In short, if you want a search, get a warrant, and if you want a warrant, you provide probable cause to believe a crime has been committed, and you swear to that probable cause on penalty of perjury, and you explain exactly what it is you’re looking for — no fishing expeditions allowed. Memo to our courts: Where are the strict constructionists when we need them?
This is a basic and easy-to-understand rule. In fact, it has been under assault for most of the country’s history by law-enforcement officers who cheerfully perjured themselves, swearing to things "upon information and belief" when lacking the former and lacking any basis for the latter, and never suffered legal consequences. More recently, however, it has been under assault by politicians who knew what they wanted to do and also knew that what they wanted to do was unconstitutional by the plain meaning of the Fourth Amendment, so they set up NSLs and the like as a kind of legal window dressing or fig leaf.
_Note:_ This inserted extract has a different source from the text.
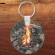 Un porte - clé avec une photo d'un feu de camp chaud.
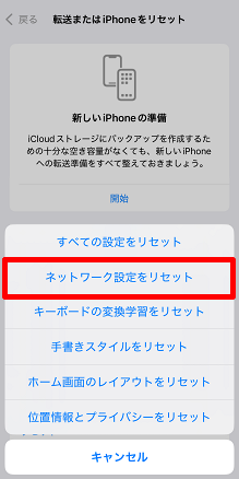 ネットワーク設定をリセット]をタップします。

And illiterate and/or dishonest judges have let them do it.
This must stop, and I can think of no better tribute to the Americans of all races, faiths and political orientations who died in the terror attacks of 9/11 than to start rolling back the destruction of our rights, particularly our Fourth Amendment rights, that began in their name the minute they could no longer speak for themselves.
You don’t have to burn a copy of the USA Patriot Act, although frankly, I like the symbolism. Holding your elected officials accountable would be a start. And I don’t just mean voting out the ones who have done the wrong thing. I mean impeaching them for violating their oaths of office to uphold the Constitution.